### Information shown
##########
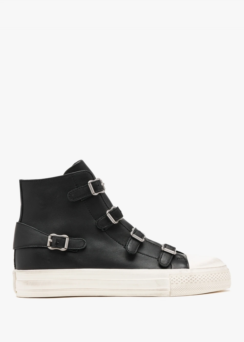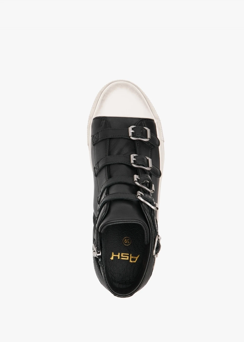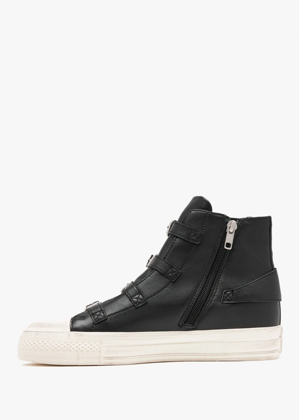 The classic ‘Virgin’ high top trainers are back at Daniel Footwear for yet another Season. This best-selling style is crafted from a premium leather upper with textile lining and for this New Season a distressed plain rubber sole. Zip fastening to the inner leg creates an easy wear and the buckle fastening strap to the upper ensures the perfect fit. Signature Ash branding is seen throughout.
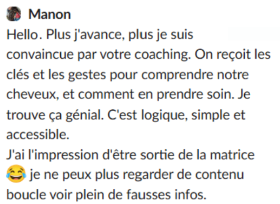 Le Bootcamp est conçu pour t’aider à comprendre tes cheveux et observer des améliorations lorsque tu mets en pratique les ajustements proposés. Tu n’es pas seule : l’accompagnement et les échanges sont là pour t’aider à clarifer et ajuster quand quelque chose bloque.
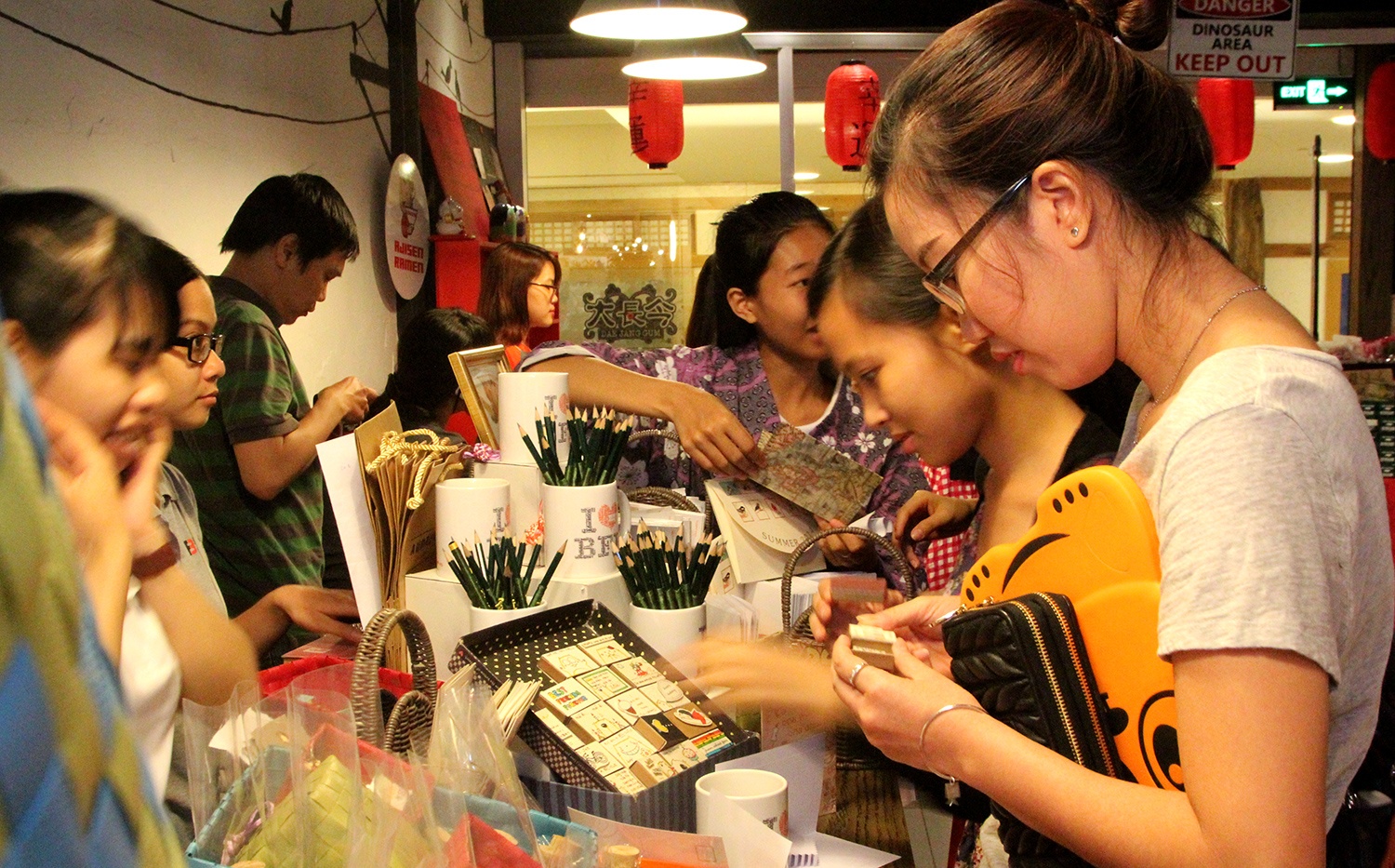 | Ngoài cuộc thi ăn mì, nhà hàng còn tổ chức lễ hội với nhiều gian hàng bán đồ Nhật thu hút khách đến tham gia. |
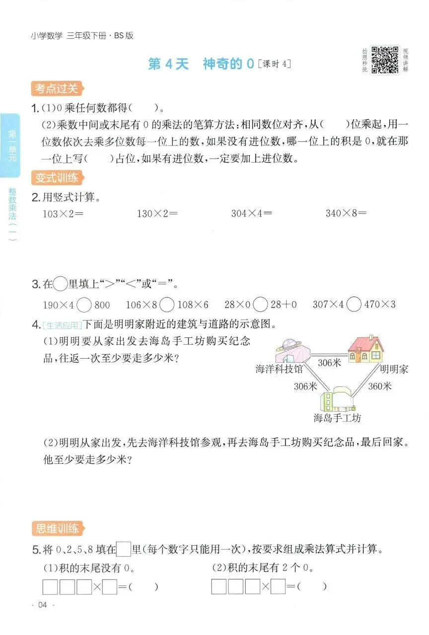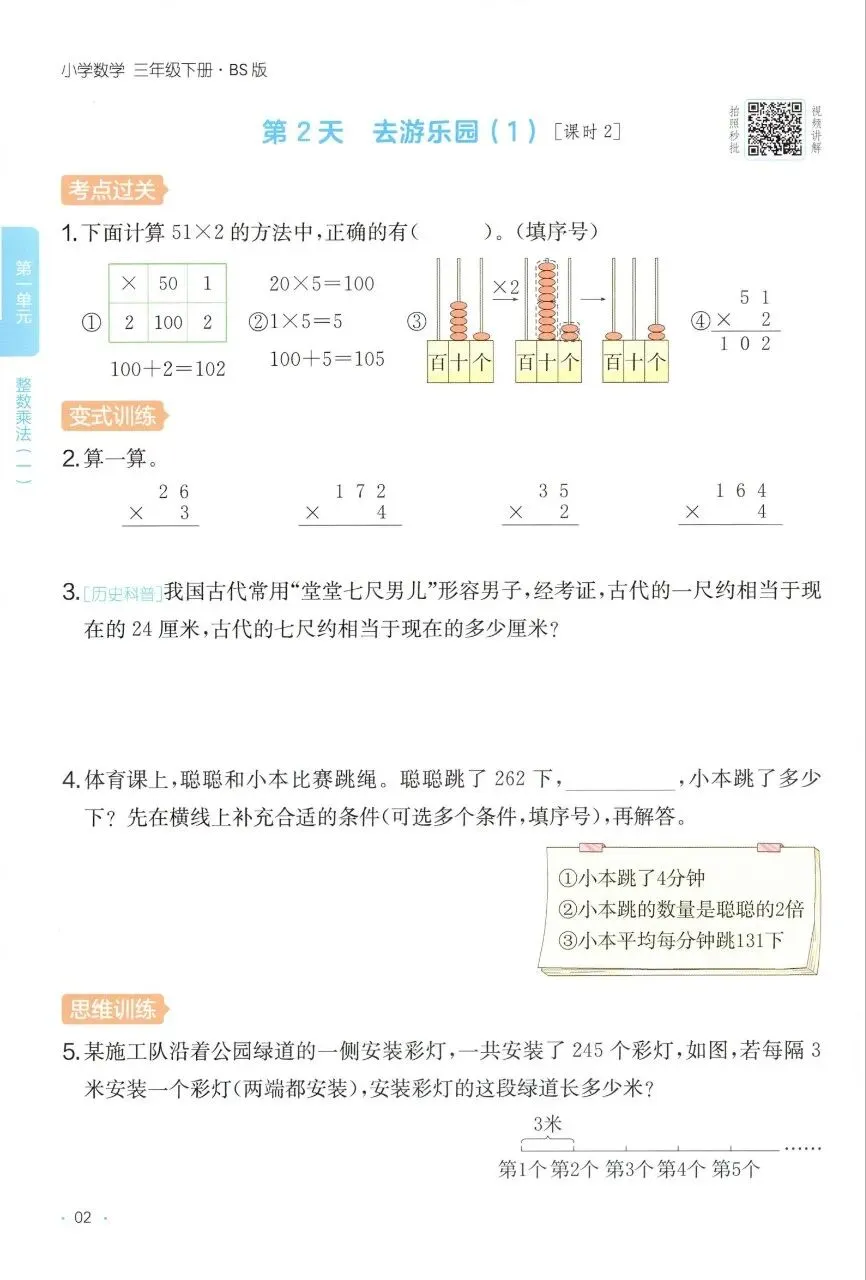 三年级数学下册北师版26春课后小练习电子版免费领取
##########
### Exercise
An exact copy of the listing is required, excluding any pictures.

### Exercise response
 The classic ‘Virgin’ high top trainers are back at Daniel Footwear for yet another Season. This best-selling style is crafted from a premium leather upper with textile lining and for this New Season a distressed plain rubber sole. Zip fastening to the inner leg creates an easy wear and the buckle fastening strap to the upper ensures the perfect fit. Signature Ash branding is seen throughout.
 Le Bootcamp est conçu pour t’aider à comprendre tes cheveux et observer des améliorations lorsque tu mets en pratique les ajustements proposés. Tu n’es pas seule : l’accompagnement et les échanges sont là pour t’aider à clarifer et ajuster quand quelque chose bloque.
 | Ngoài cuộc thi ăn mì, nhà hàng còn tổ chức lễ hội với nhiều gian hàng bán đồ Nhật thu hút khách đến tham gia. |
 三年级数学下册北师版26春课后小练习电子版免费领取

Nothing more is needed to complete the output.